[MariaDB discuss] Re: Request to Adapt VIDEX (Virtual Index for what-if Analysis) for MariaDB

22 Apr 2025

      Dear Sergei Golubchik,

That's a good question! I would like to discuss the VIDEX architecture, which is inspired by industry practices at ByteDance, particularly in its cloud environment. Additionally, you may refer to the VIDEX arXiv paper, which presents further design considerations [1].

VIDEX aims to simulate the query plans of a target instance (with large volume data) in the absence of actual data. We categorize the information requested by the upper-layer optimizer from the underlying engine into two types:

1. **Simple statistic data**: This can be straightforwardly and efficiently obtained from the target instance (e.g., mysql.innodb_index_stats, information_schema.TABLES, etc.). This includes data such as table_rows, AVG_ROW_LENGTH, and clustered_index_size.
2. **Complex statistic data**: These include complex statistics that cannot be directly obtained and usually require estimation, primarily multi-column NDV (number of distinct values) estimation needed for records_per_key, and multi-column cardinality estimation needed for records_in_range. Considering that what-if analysis might create indexes for any combination of columns (up to 2^N combinations), we must employ heuristic or AI-boosted algorithmic models for estimation, rather than enumerating and pre-storing all combinations.

## Q1: Why are AI-boosted cardinality and NDV algorithms required?
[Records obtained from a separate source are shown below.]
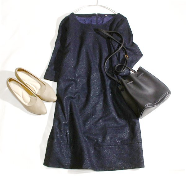 > 美品 NOLLEY'S PINK ノーリーズ ほんのりラメ 綺麗め ウール ワンピース 36号 S 秋 冬 24B12
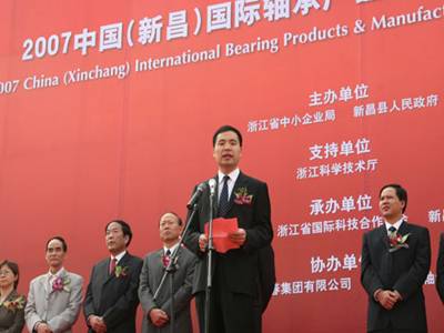 開幕式上,新昌縣委書記何加順致辭,簡(jiǎn)要介紹了新昌的經(jīng)濟(jì)社會(huì)發(fā)展情況。他說,近年來,新昌的工業(yè)發(fā)展已形成鮮明的產(chǎn)業(yè)集聚特征,其中尤以軸承最為明顯,軸承產(chǎn)業(yè)在新昌工業(yè)中的比重達(dá)到22%。新昌已成為國內(nèi)最大的軸承套圈生產(chǎn)基地和出口配套基地,產(chǎn)量占全國市場(chǎng)的20%,產(chǎn)品遠(yuǎn)銷美國、日本、歐盟等國家和地區(qū);新昌的成品軸承門類齊全,軸承裝備制造業(yè)也有一定基礎(chǔ),軸承產(chǎn)業(yè)已成為新昌獨(dú)具特色的區(qū)域塊狀經(jīng)濟(jì)。
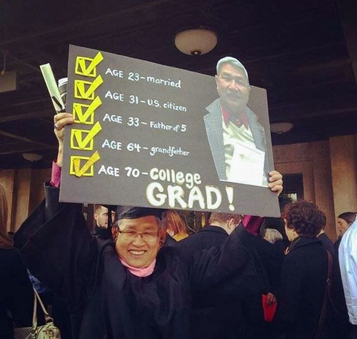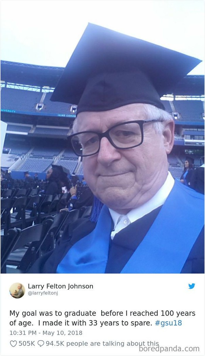 Dan akhirnya lulus di usianya 70 tahun. Foto: Boredpanda
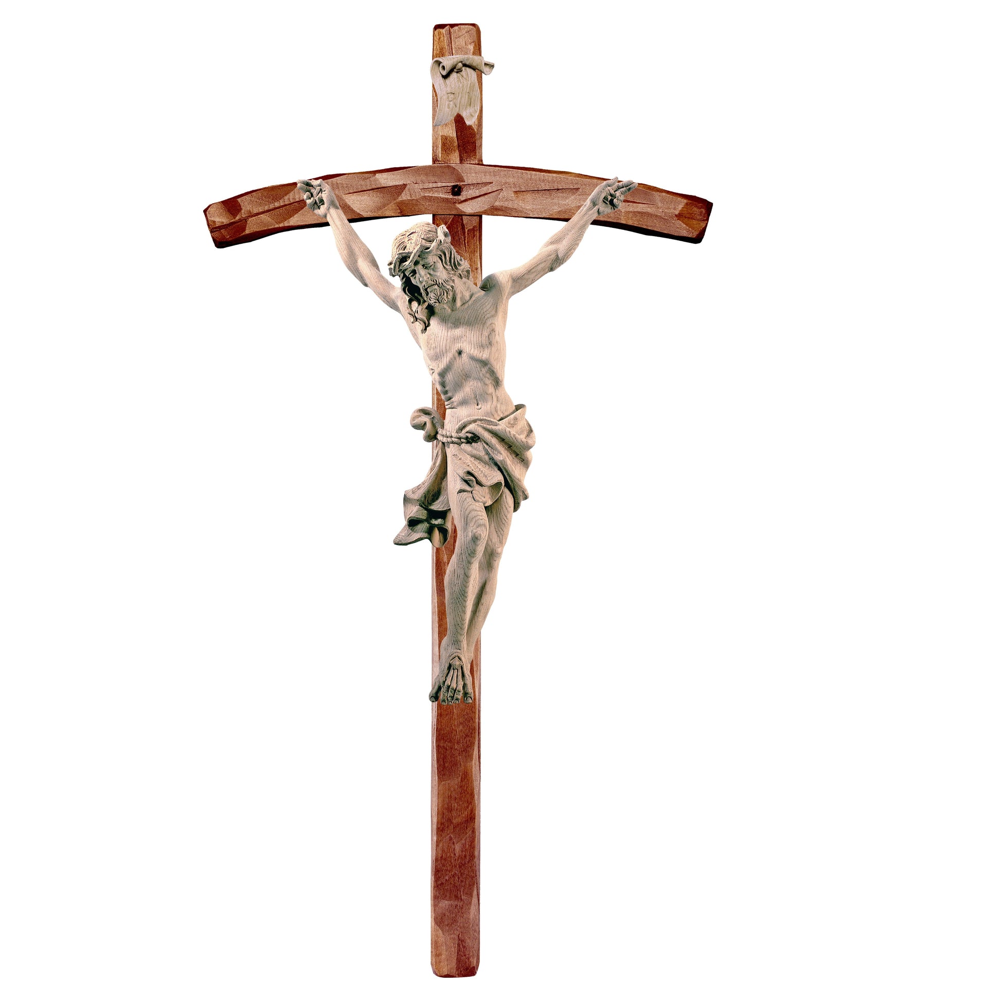 Cristo de los Alpes de roble con cruz pastoral. Este magnífico objeto ha sido completamente trabajado a mano en Val Gardena, siguiendo las técnicas escultóricas tradicionales típicas de la región del Alto Adigio, conocida por su histórica tradición en la elaboración de madera que se remonta al siglo XVII.
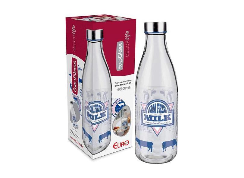 Garrafa De Leite Vidro 950ml Decorada Classica Euro Home
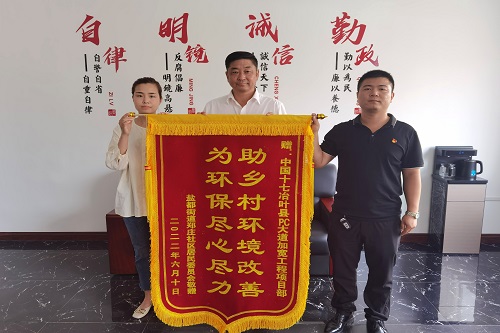 6月10日上午,中国十七冶集团公路分公司承建的河南叶县PC大道项目收到叶县盐都街道郑庄社区赠送的“助乡村环境改善,为环保尽心尽力”锦旗,对项目部组织进场施工以来的环保管理工作所付出的努力表示诚挚的感谢。

Simple statistics are directly logged into system tables. However, accurately estimating multi-column joint distributions poses significant challenges. Rule-based or heuristic methods often result in inaccuracies (e.g. PostgreSQL's native implementation). Most of these research papers [2] employ query-driven or data-driven AI models to enhance the precision of NDV and cardinality estimates. The advantage of AI models is that they learn data distributions from data or queries without actually creating indexes or running statistics, providing more generalized and accurate estimates of cardinality and NDV.

## Q2: Why separate a RESTful Statistic server from the VIDEX engine side?

Although much research has been conducted, most of it is not practically applicable in production. For instance, the Postgres cardinality hacking approach [3] requires researchers to write fixed-order cardinality results to a file, which the Postgres optimizer then reads. This method is not conducive to runtime operations.
Moreover, AI researchers encounter substantial challenges when integrating AI models into database engines. On one hand, these engines must manage complex underlying interfaces; on the other, AI models frequently necessitate Python and GPU environments.

We advocate for a seperate RESTful Statistic server that facilitates the seamless integration of various models (AI and non-AI) into the query plans of MariaDB/MySQL. This method has proven to be genuinely practical. Validated through extensive use at ByteDance's cloud service, VIDEX processes over 5,000 index recommendation tasks and tens of thousands of slow SQL queries daily. Furthermore, we have developed and successfully integrated multiple NDV and cardinality algorithms into VIDEX, accepted by VLDB and SIGMOD [4][5][6].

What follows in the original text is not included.